We get something called a gwf.TargetList back! This is a simple wrapper around a normal list, but it allows us to access all of the inputs and outputs of the targets contained in the TargetList through inputs and outputs, respectively. Both of these return a list of the inputs/outputs of the targets. Thus, if your template function uses named outputs, outputs will be a list of dictionaries.

How is this useful? If we wanted to use another template on each transformed photo, we can just map over the outputs of the TargetList:

transformed_photos = gwf.map(transform_photo, photos, name=get_photo_name)
compressed_photos = gwf.map(compress_photo, transformed_photos.outputs)

We could keep on going like this!

Collecting Files

Now that you’ve transformed and compressed your photos, you may also want to zip them into a single file. For this you wrote a template that looks like this:

def zip_files(paths, output_path):
    inputs = {'paths': paths}
    outputs = {'zipped_file': output_path}
    options = {}
    spec = """zip ..."""
    return AnonymousTarget(inputs=inputs, outputs=outputs, options=options, spec=spec)

Your template accepts two arguments: a list of files to zip and where to put the resulting file. We can’t use map() because we don’t want a zip file per photo, but a single target that depends on all of the photo files.

We start out by writing our call to target_from_template():

transformed_photos = gwf.map(transform_photo, photos, name=get_photo_name)
compressed_photos = gwf.map(compress_photo, transformed_photos.outputs)
gwf.target_from_template(
    name='zip_photos',
    zip_files(
        paths=[...],
        output_path="photos.zip"
    )
)

How do we get the list of paths? We can use the collect() helper function!

from gwf.workflow import collect

transformed_photos = gwf.map(transform_photo, photos, name=get_photo_name)
compressed_photos = gwf.map(compress_photo, transformed_photos.outputs)
gwf.target_from_template(
    name='zip_photos',
    zip_files(
        paths=collect(compress_photos.outputs, ['path']),
        output_path="photos.zip"
    )
)

The collect() function takes a list of dictionaries and produces a single dictionary containing a list for each key. So when given this:

[
    {'path': 'photos/dog.jpg.new'},
    {'path': 'photos/horse.jpg.new'},
    {'path': 'photos/cat.jpg.new'},
]

it simply produces this:

{
    'paths': ['photos/dog.jpg.new', 'photos/horse.jpg.new', 'photos/cat.jpg.new'],
}

Note that the name path has been pluralized, so it’s now paths in the dictionary.
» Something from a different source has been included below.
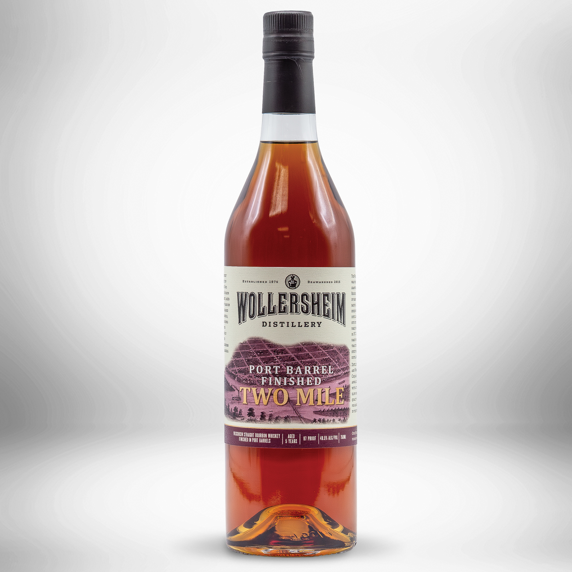 Story: Late every fall as the winery empties Port barrels, they are then filled with Two Mile Bourbon. This “finishing” process imparts the sweet and fruity characteristics of the Port into the mature Bourbon adding unique complexity.
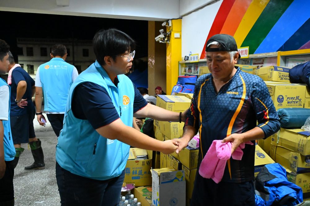 在資訊傳遞與現場支援方面,花蓮縣議員笛布斯.顗賚於第一時間協助災情通報與物資調度,提升整體援助效率。花蓮市清潔隊也積極投入物資搬運工作,展現市政團隊與民眾齊心協力、共同抗災的決心。

We can pass this directly to our zip_files template:

from gwf.workflow import collect

transformed_photos = gwf.map(transform_photo, photos, name=get_photo_name)
compressed_photos = gwf.map(compress_photo, transformed_photos.outputs)
gwf.target_from_template(
    name='zip_photos',
    zip_files(
        paths=**collect(compress_photos.outputs, ['path']),
        output_path="photos.zip"
    )
)

We use Python’s double-star operator to pass a dictionary as keyword arguments to a function.